Segment Start: GIVEN RECORDS

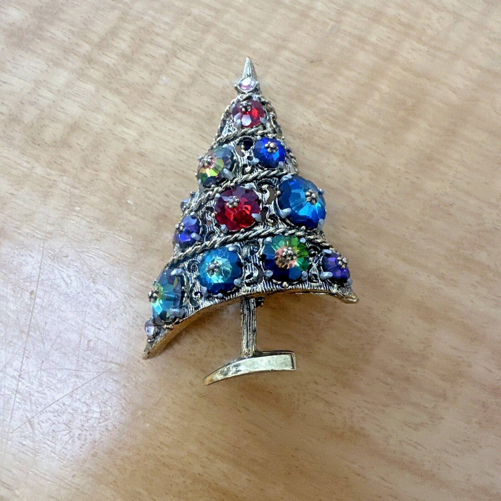 Weiss Sugarplum Rivoli Rhinestones Christmas Tree Brooch RARE 1964
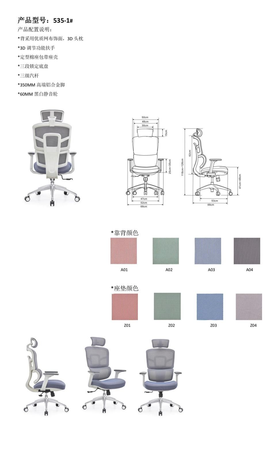 一桿3檔鎖定底盤 3D扶手(左右,前後,升降) 白框型號:535-1 鋁腳 $1,580 全網 $1,580
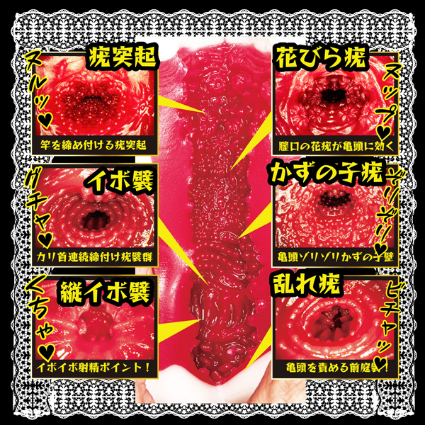 粒々イボ突起で締め付けながらクリクリと刺激、カズノコ壁で亀頭を責め立て快感を限界まで高める!重さは380g、外中で異なる二重構造仕様◎直筆サイン刻印入り
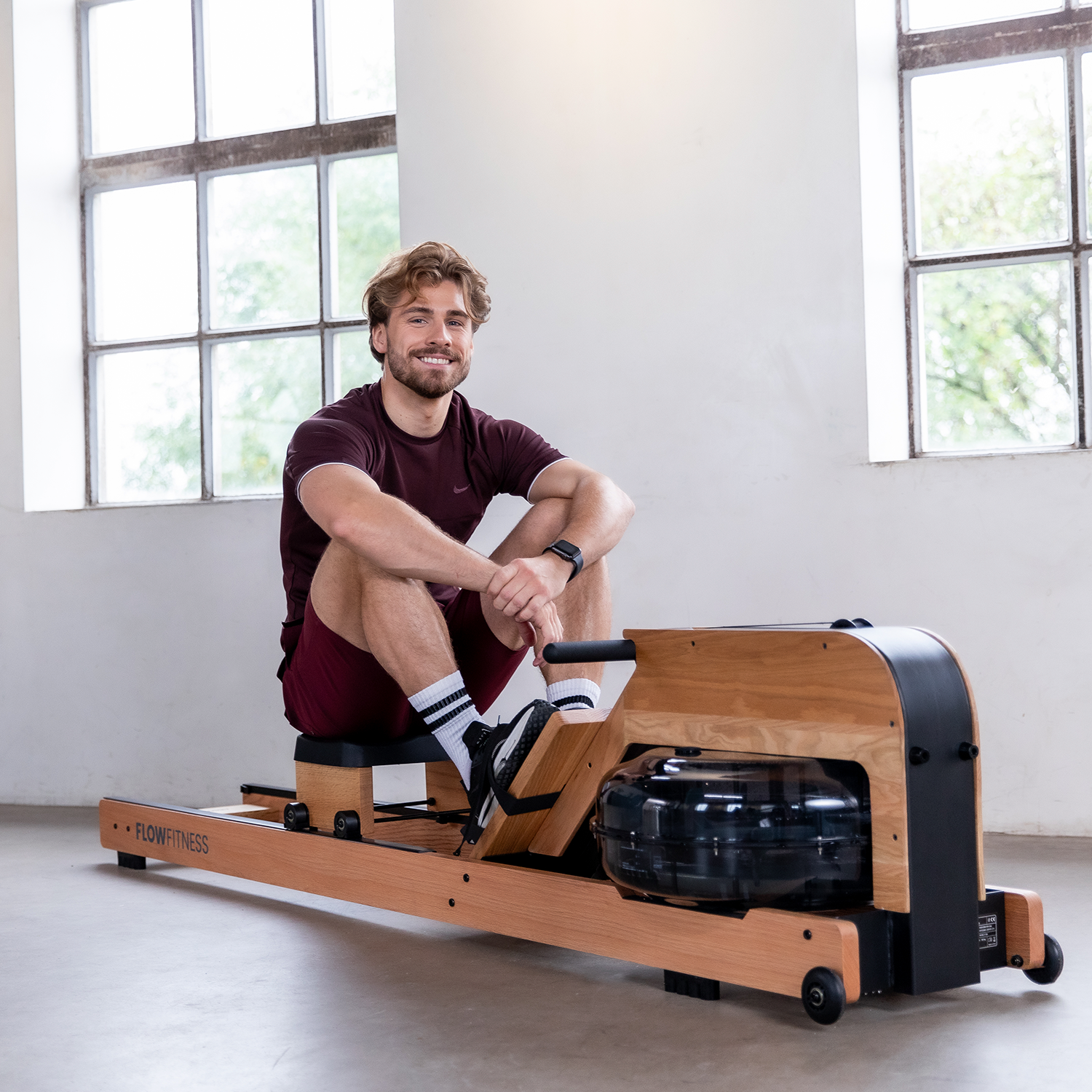 Flow Fitness Perform W9i Vandromaskine i Egetræ – Realistisk roning i eksklusivt design
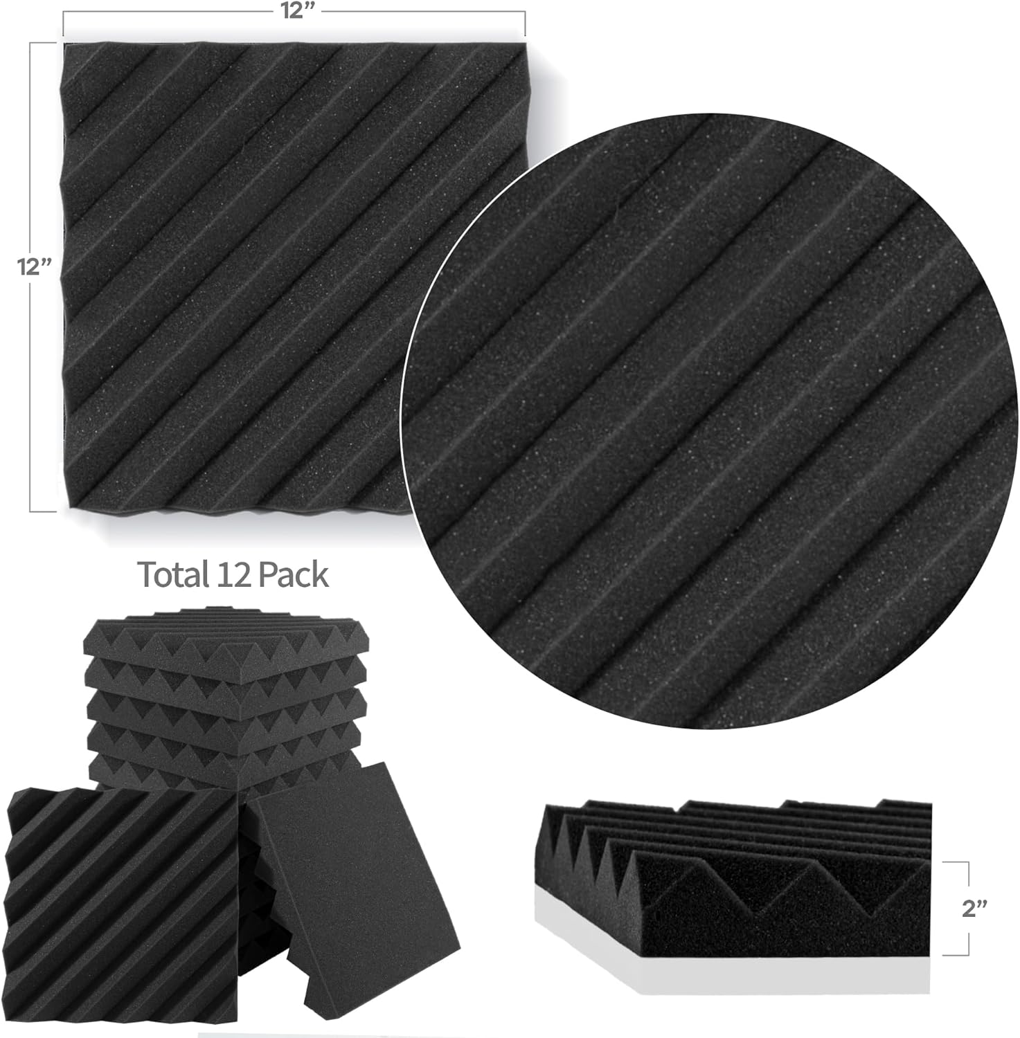 12 Pack Sound Proof Foam Panels for Walls, 12x12x2 Inches Slash Style Acoustic Panels for Home Studio Acoustic Treatment (Black)
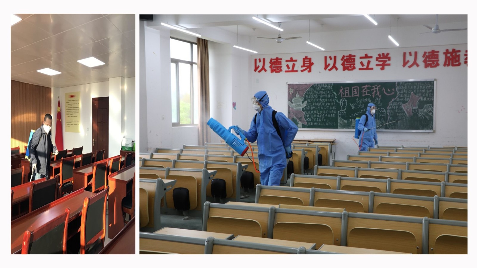 开展环境大整治、大消杀,新增洗手池,配备肥皂、洗手液等用品。对100多间教室和400多间学生宿舍开展卫生大扫除,为学生返校营造舒适的生活环境。张贴了防控知识宣传海报、设置了防控警示标识、人员导流导向标等,让大家一目了然,易识易记、走向精准,尽量避免人流的交叉聚集。
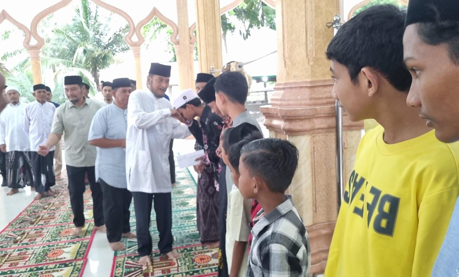 Menjelang berbuka puasa, Wakil Bupati menyerahkan santunan kepada sejumlah anak yatim dari sejumlah gampong kemesjidan Tgk Dilampoh di Kecamatan Peudada.
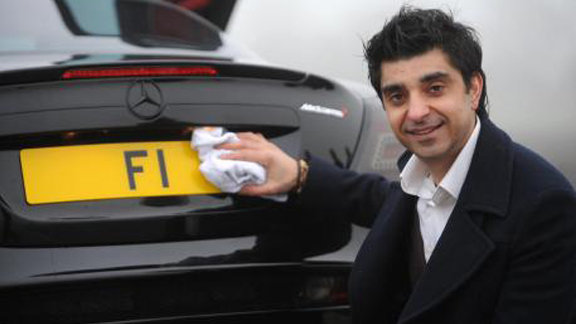 2.9億元竟然買不到一塊車牌?在英國一名商人坎恩,5年前以美金68.5萬買了僅有「F1」兩個字的車牌,沒想到現在有人以美金950萬(約台幣2.9億元)的價格要向他買這塊車牌,等於翻漲了13.5倍,但他竟毫不心動,不肯割愛。天價車牌影片po上網,引起熱烈討論,瀏覽人次更是高達95萬人。
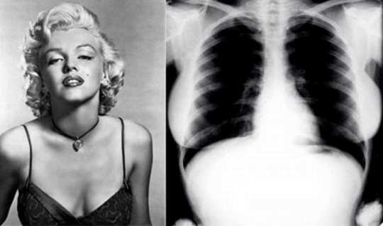 1954년에 촬영된 마릴린 먼로의 엑스레이 사진입니다. 이후 라스베이거스 경매에서 4만 5천 달러에 판매되었습니다.
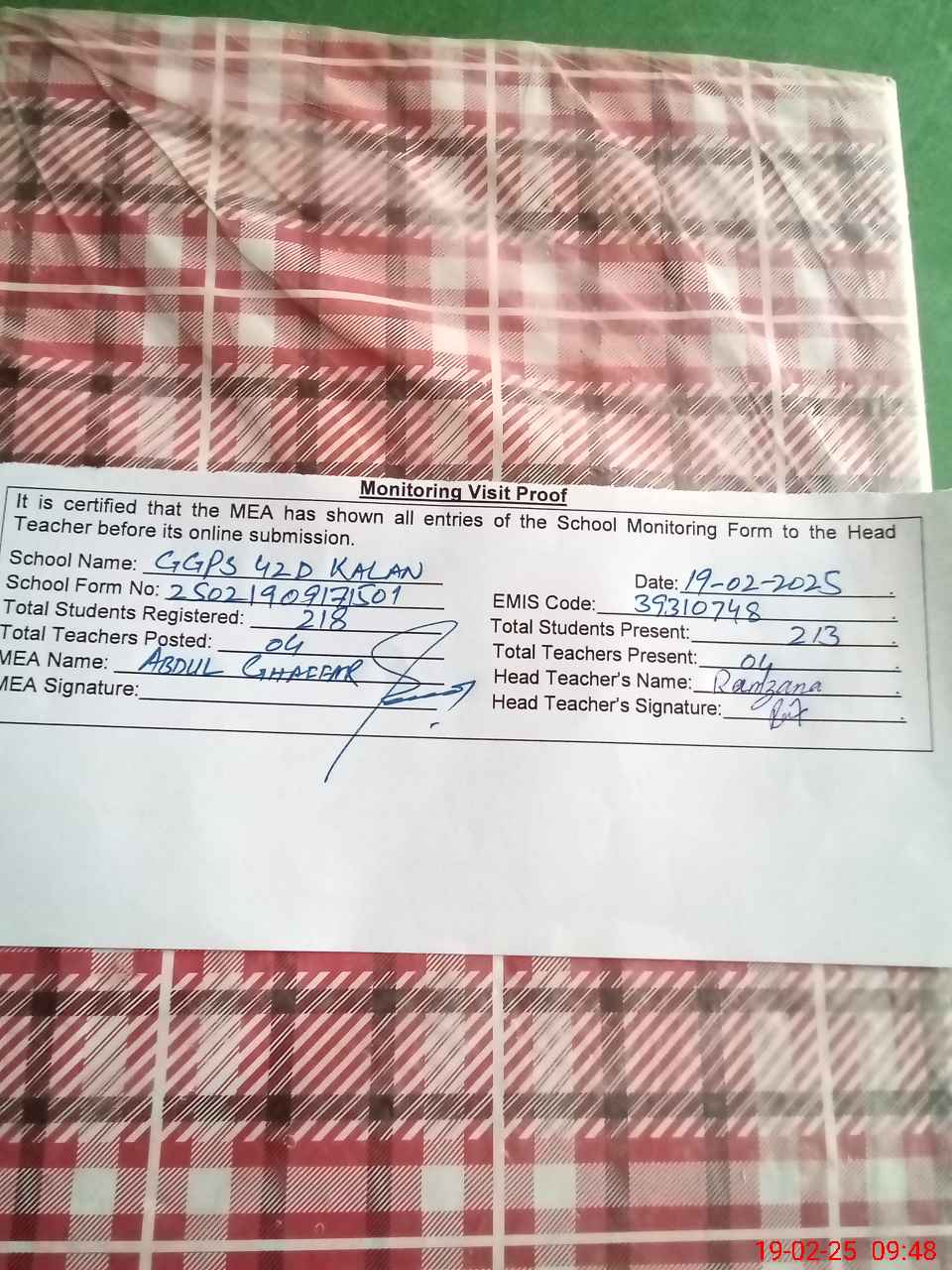 | EMIS Code: 39310748 | Name of School: GGES 42/D KALAN | |||
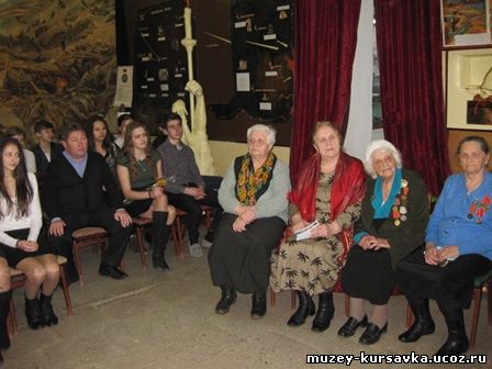 4 марта в преддверии праздника 8 Марта в музее состоялась встреча старшеклассников СОШ №1 с. Курсавка с участницей Великой Отечественной войны Стратийчук Надеждой Михайловной, с труженицей тыла Пенкиной Марией Терентьевной и детьми войны Несмеяновой Любовь Антоновной и Юневой Валентиной Григорьевной.
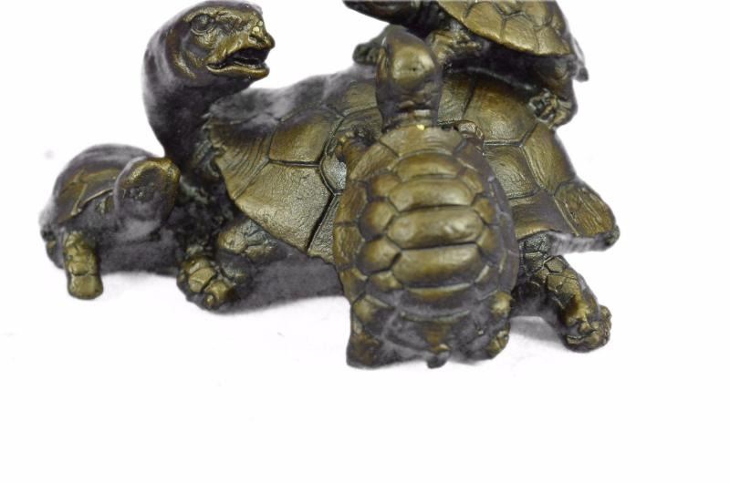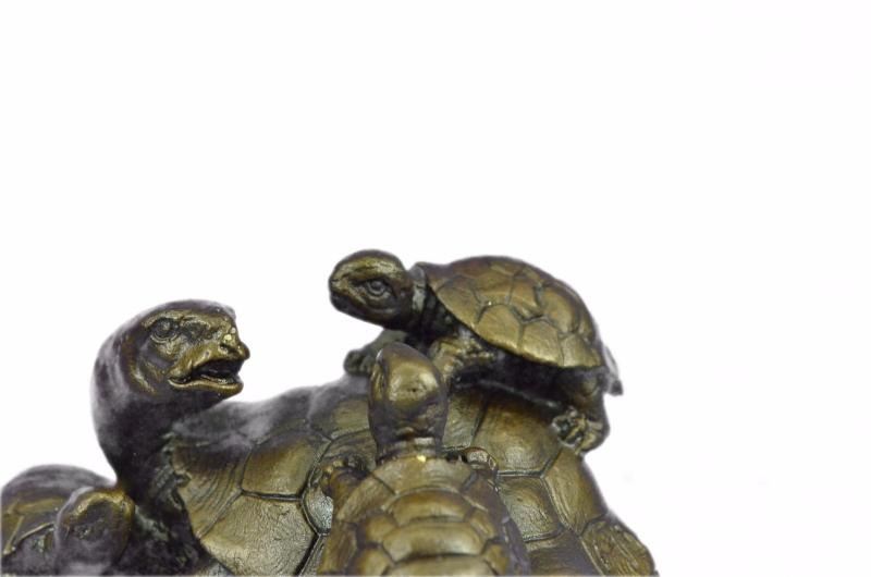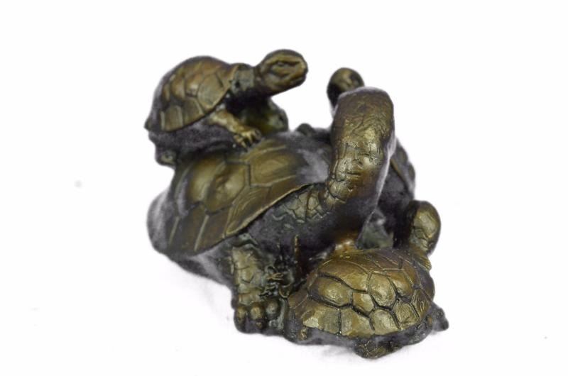 The mother turtle can be seen here with three of her offspring along a marshy bed of a lake. Before they venture off into the wilderness to start their lives, they all crowd around, climbing about her hard shell saying their last goodbyes. Animal symbolism of the turtle in order, creation, patience, strength, stability, longevity, innocence, endurance, and protection. The bronze sculpture was captured using the age-old method of lost-wax casting and stained with a brown patina finish for preservation and mounted upon a marble base. Dimensions: Height 2 X Width 4 inches. Weight: 1 LB.
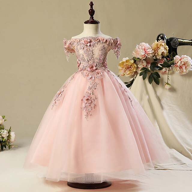 Flower Girl Dress Girls' Dress Princess Dress Party Dress Wedding Party Pegeant Elegant Princess Sweet Mesh Flower Short Sleeve Off Shoulder Wine Red White 3-10 Years 16
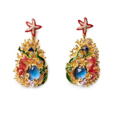 Tra i coralli, i pesci e le stelle marine emerge il blu profondo della Siamite® , avvolto in questo gioiello di rara fattura e preziosità.
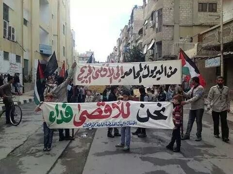 Demonstations over the closure of the al-Aqsa compound have reached as far as the Yarmouk Palestinian refugee camp in Syria.
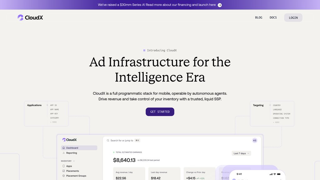 CloudX is a next-generation supply-side platform designed for mobile and AI publishers in the intelligence era. Founded by the creators of MoPub and MAX, the platform reimagines ad monetization through agentic automation and a 'Monetization as Code' approach. CloudX features a Trusted Execution Environment ensuring verifiable transparency for every auction and transaction, while enabling publishers to optimize revenue through a liquid marketplace. The platform reduces SDK integration time by approximately 90% through its layered AI agent system, delivering production-ready code within minutes. Publishers gain direct control over inventory with holistic visibility into bids, auction results, and performance metrics.
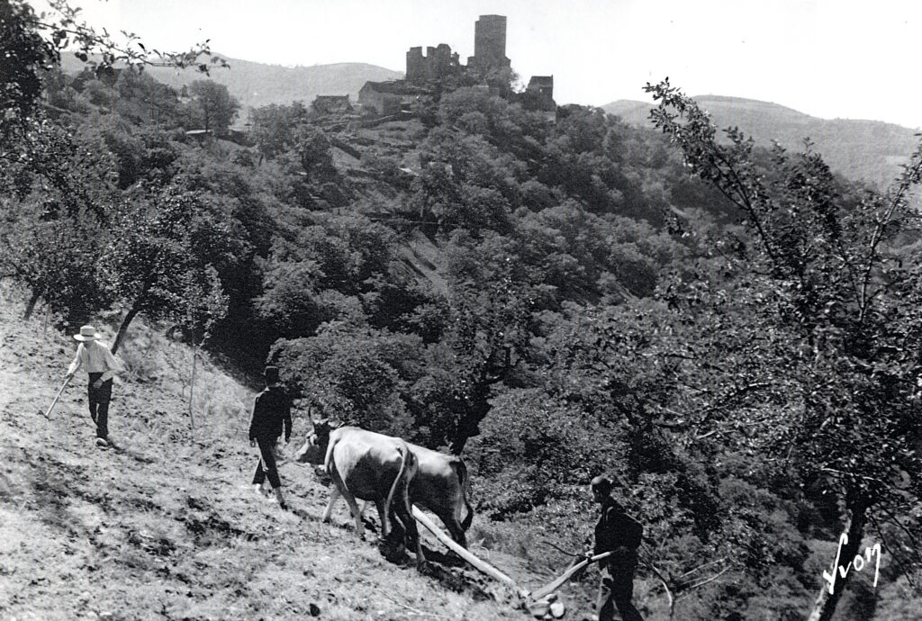 C’est l’un des rares endroits du nord Aveyron, bien au chaud dans les gorges de la Truyère, où a été possible la culture des arbres fruitiers et plus tard celle de la vigne.

Segment End: GIVEN RECORDS

◆ ACTIVITY
Where a picture appears, omit it; otherwise reproduce each line above from the first to the one with "粒々イボ突起で締め付けながら", inclusive.

◆ YOUR SOLUTION
 Weiss Sugarplum Rivoli Rhinestones Christmas Tree Brooch RARE 1964
 一桿3檔鎖定底盤 3D扶手(左右,前後,升降) 白框型號:535-1 鋁腳 $1,580 全網 $1,580
 粒々イボ突起で締め付けながらクリクリと刺激、カズノコ壁で亀頭を責め立て快感を限界まで高める!重さは380g、外中で異なる二重構造仕様◎直筆サイン刻印入り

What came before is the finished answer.